▸ Assignment
From the line containing "Saat ada acara" to the line containing "Scare up some" in the records below, set down every line exactly as it stands, both ends included, and skip the pictures.

▸ The data
________________________________________
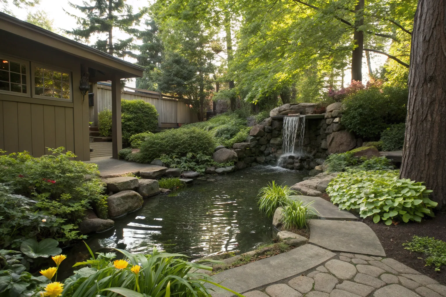 Install a mirror on a nearby wall to reflect the pond and waterfall, creating an illusion of space. This is a clever trick I often recommend for small yards.
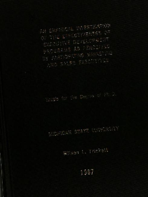 An empirical investigation of the effectiveness of executive development programs as perceived by participating marketing and sales executives
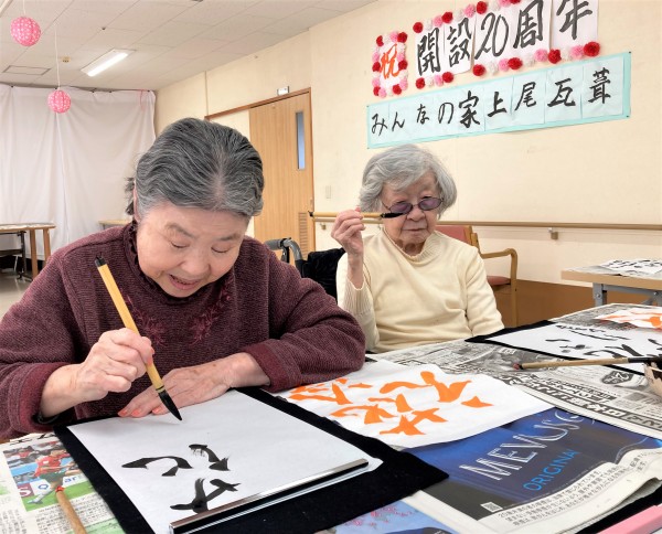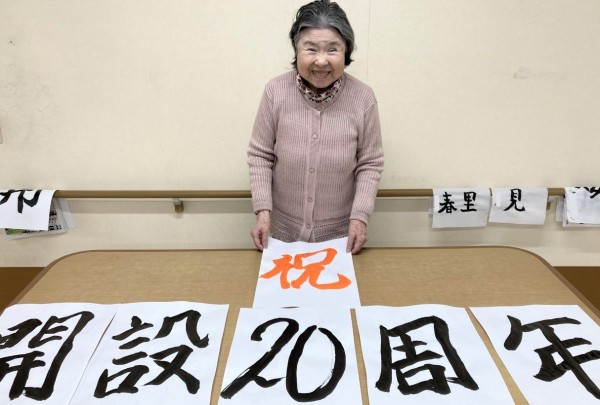 記憶に新しい20周年式典で、壁一面に飾っていた、「祝開設20周年」「みんなの家上尾瓦葺」ですが
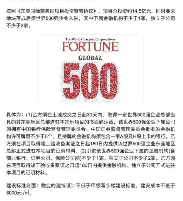 此外,各地块对招商也进行了严格要求,如招商湾熙中心明确要求,须引进世界500强企业下属的金融机构(含商业银行、证券公司、保险公司等)不少于1家、独立子公司不少于2家,聚焦高端金融领域;东莞香港中心重点布局莞港协同,须引入地市级外商投资协会机构、香港医疗中心,以及5家及以上香港上市(上市时间5年以上)公司的分公司或子公司、20家及以上在东莞注册10年以上的港资企业分公司或子公司,同时集聚高端国际化服务业机构,打造莞港合作示范窗口。
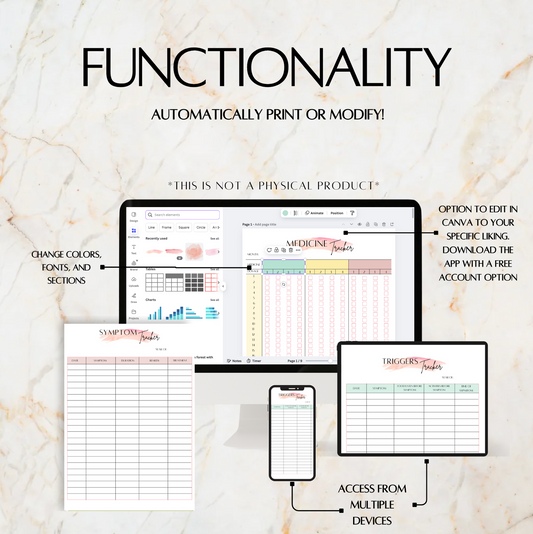 Printable symptom tracker, Medication tracker, Health tracker, Health & wellness planner bundle, Printable PDF, A4 canva
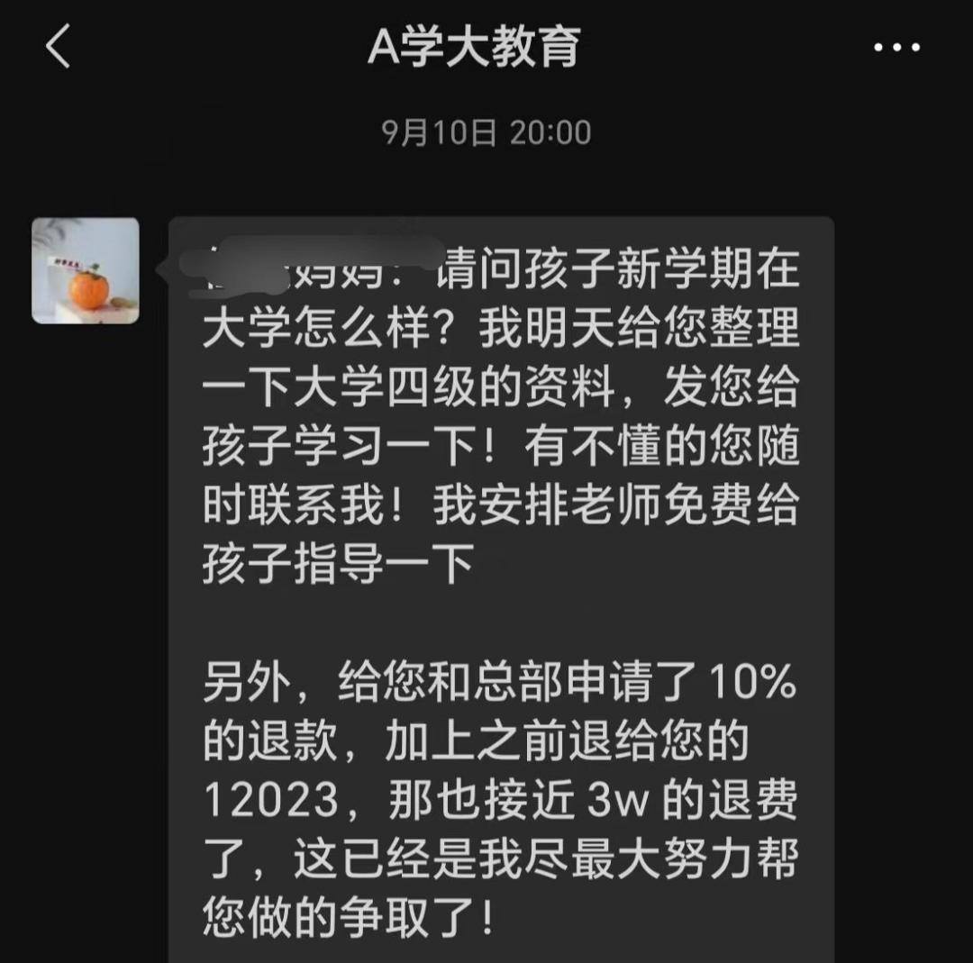 此前,她们在微信上也跟学大教育(莞城校区)负责处理此事的梁老师多次沟通,但学大教育方面始终表示,“没有办法退款”。
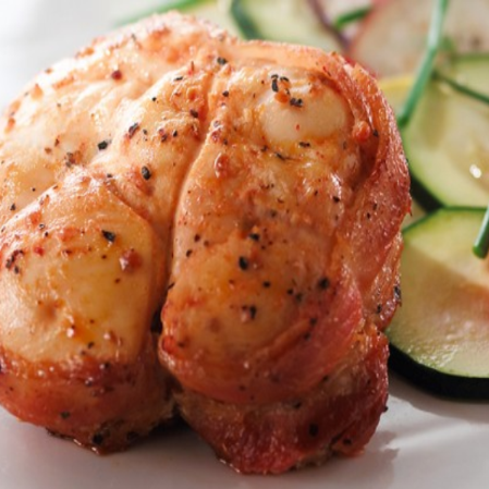 Tournedos (poulet assaisonné (poulet, eau, sel), bacon (porc, eau, sucres (sucre, cassonade), sel, chlorure de potassium, phosphate de sodium, saveur, érythorbate de sodium, nitrite de sodium, épices, fumée)), Sauce méditerranéenne (eau, assaisonnement méditerranéen, huile de canola, sucre, sel, vinaigre blanc, graine de moutarde,épices)
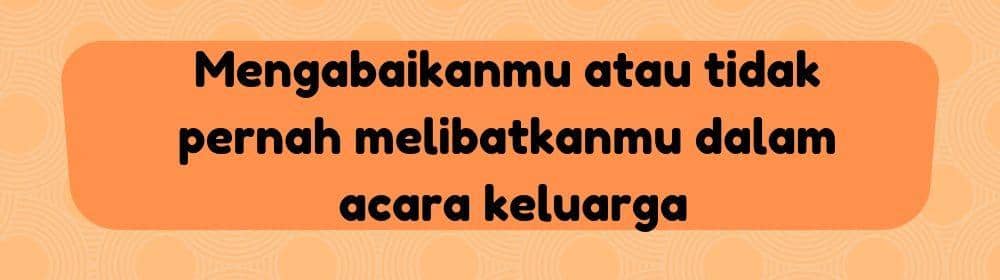 Saat ada acara keluarga, seperti ulang tahun salah satu anggota keluarga misalnya, kamu tidak pernah dilibatkan. Kalaupun diundang, kamu hanya sebagai tamu. Bukan sebagai salah satu anggota keluarga yang diberi kepercayaan untuk membantu. Kamu pun tak pernah diajak berdiskusi atau ditanya-tanya.
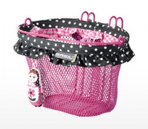 Drátěný zdobený dětský koš na řidítka Délka: 280 mm Šířka: 190 mm Výška: 190 mm Materiál: ocelová síťovina s výztužemi a látkovým lemem Upnutí na řidítka pomocí háků Barva: růžovo - černo - bílá s přívěškem Babuška Balení: servisní v sáčku
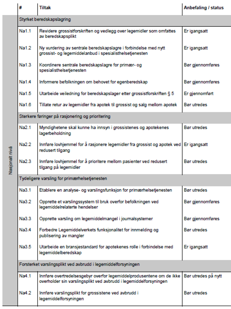 | Tiltak Na.1.1 Revidere grossistforskriften og vedlegg over legemidler som omfattes av beredskapsplikt | |
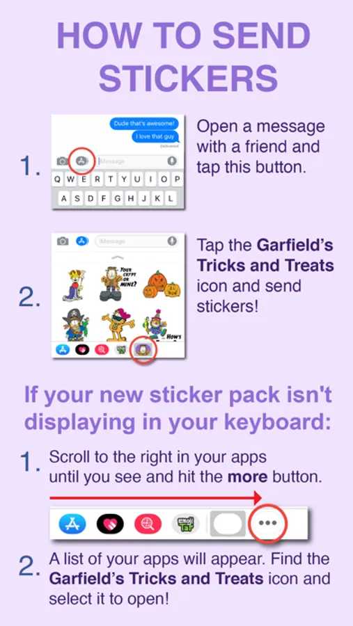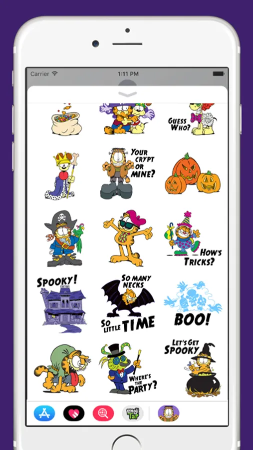 Scare up some fun when you share these ghoulish Garfield stickers with your favorite fiends! Pack includes 24 animated stickers.
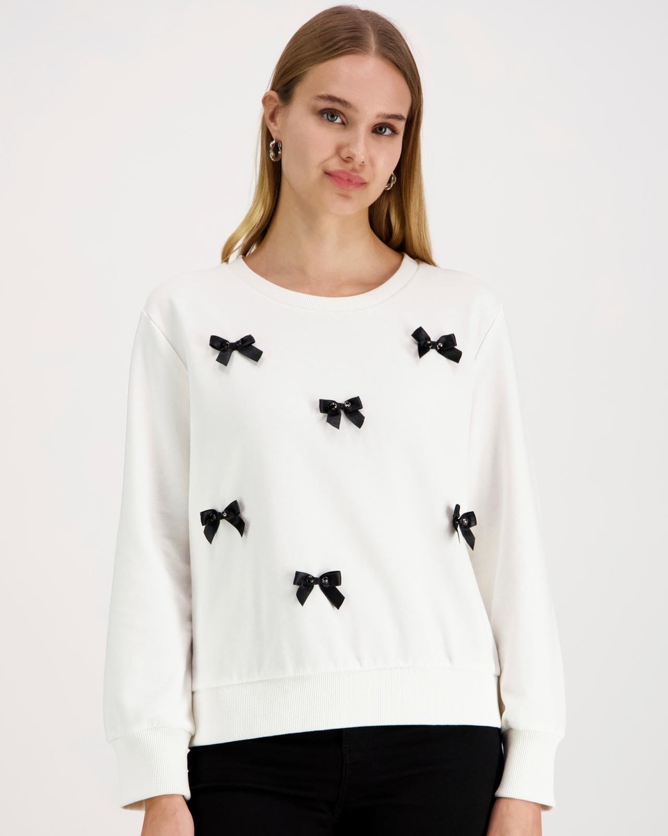 Pehmeä materiaalinen gollegepaita. Söpöt rusetit etuosassa.
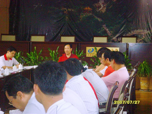 2007年07月26日—29日,集团中层以上管理人员及各岗位骨干人员在风景秀丽的东蒙避暑山庄举行研讨会。会上董事长刘保起先生对目前的医药行业形势进行了分析,并对下半年的工作重点和主要措施进行了安排,同时也对上半年的工作进行了总结,指出了下半年企业的发展方向和工作目标,并讲解了“大讨论,为什么”提纲及管理者自我塑造提纲。各分管副总、部门经理以及各岗位骨干人员在会上一一发言。与会人员纷纷畅所欲言,分别针对公司提出的“大讨论,为什么”进行了分析和总结,并根据各部门实际情况提出了许多好的意见和建议。股份公司总经理李明华女士重点结合工作实际,总结和提出了一些具体环节的要求。通过此次会议,大家进一步统一了思想,明确了目标,达到了预期效果。
________________________________________
▸ Exercise response
 Saat ada acara keluarga, seperti ulang tahun salah satu anggota keluarga misalnya, kamu tidak pernah dilibatkan. Kalaupun diundang, kamu hanya sebagai tamu. Bukan sebagai salah satu anggota keluarga yang diberi kepercayaan untuk membantu. Kamu pun tak pernah diajak berdiskusi atau ditanya-tanya.
 Drátěný zdobený dětský koš na řidítka Délka: 280 mm Šířka: 190 mm Výška: 190 mm Materiál: ocelová síťovina s výztužemi a látkovým lemem Upnutí na řidítka pomocí háků Barva: růžovo - černo - bílá s přívěškem Babuška Balení: servisní v sáčku
 | Tiltak Na.1.1 Revidere grossistforskriften og vedlegg over legemidler som omfattes av beredskapsplikt | |
 Scare up some fun when you share these ghoulish Garfield stickers with your favorite fiends! Pack includes 24 animated stickers.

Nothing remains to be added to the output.